This is third and final (for the time being) posting on shale gas. The first post discussed the technology environmental risks entailed. The second post looked at the impact on the global gas market and this one deals with the geopolitical impact that I believe we can expect as shale gas production continues over the next 5-10 years.
Bloomberg reports that shale gas could bring the U.S. close to energy independence in the next twenty years and while more nuanced analysis, such as one posted by Victor Mallet in the Energy Collective, paint a more sober view, the current boom in energy production in the U.S. is likely to increase for at least the next five years and is already changing the nature of geopolitical discourse in the world.

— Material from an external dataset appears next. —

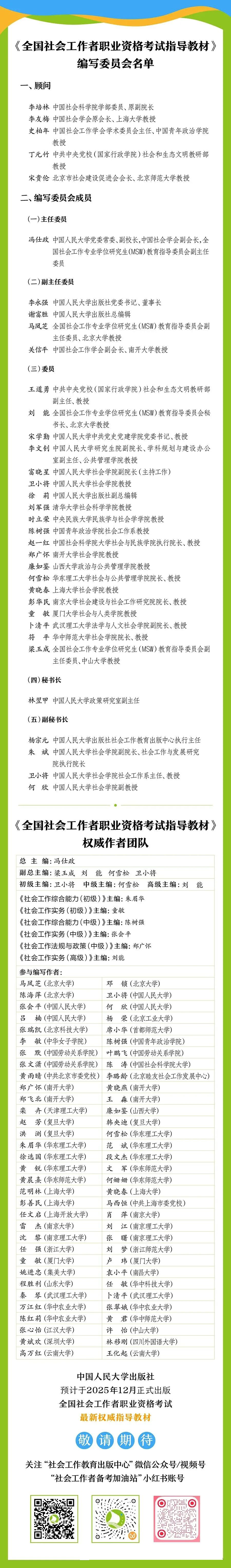 2025年12月,中国人民大学出版社将隆重推出《全国社会工作者职业资格考试指导教材》。

At the time of this writing protests have been ongoing in the Ukraine for the last few weeks, and I understand that the fundamental issue is whether the Ukraine will lean more towards Western Europe or Russia in the years ahead. Europe relies largely on Russian gas and the fact that the European Union is ready to defy Russian interests and openly assist the western leaning opposition has much to do, in my view, with the conviction that Russian gas may not be as important going forward as it has been in the past .

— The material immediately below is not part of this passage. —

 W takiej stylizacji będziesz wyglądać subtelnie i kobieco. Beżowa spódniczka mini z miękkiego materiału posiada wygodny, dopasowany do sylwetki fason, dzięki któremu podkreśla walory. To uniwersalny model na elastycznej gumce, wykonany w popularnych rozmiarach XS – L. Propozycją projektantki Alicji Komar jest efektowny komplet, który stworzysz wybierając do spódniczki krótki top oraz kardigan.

This week there were also inconclusive peace talks in Geneva on the Syrian Civil War and the larger issue in that conflict is what forces will drive the future of the arab world. Shale gas has already had President Obama still has not decided what to do about Keystone XL, an addition to the U.S. – Canadian pipeline network that would allow Canada to export oil from tar sands.
What ties all of these events together in my view is a new geopolitical calculus emerging in part due to the rise of oil and gas production in the United States and the expectation that additional reserves of shale gas will be unlocked in a number of countries around the world including Poland.
Besides the give and take going on in Kiev, for me the most critical impact of shale gas and the resulting possibility of energy independence for the United States, or, North American could be enough to prompt a major re-think of the need to project American military power around the world. The U.S. Navy’s Fifth Fleet is a formidable military force that is stationed in Bahrain. Its explicit purpose is to keep the sea lanes open so that the United States can continue to import gulf oil no matter what happens between the states in the Gulf and in fact kept things moving during the devastating war between Iraq and Iran in the 1980s.
Writing in the Atlantic, Rutgers University’s Toby Jones says its time to disband the fifth fleet as it has served its purpose. Would the United States pull back form the gulf if oil as not required? How would such a disengagement affect broader policy goals in the Middle East?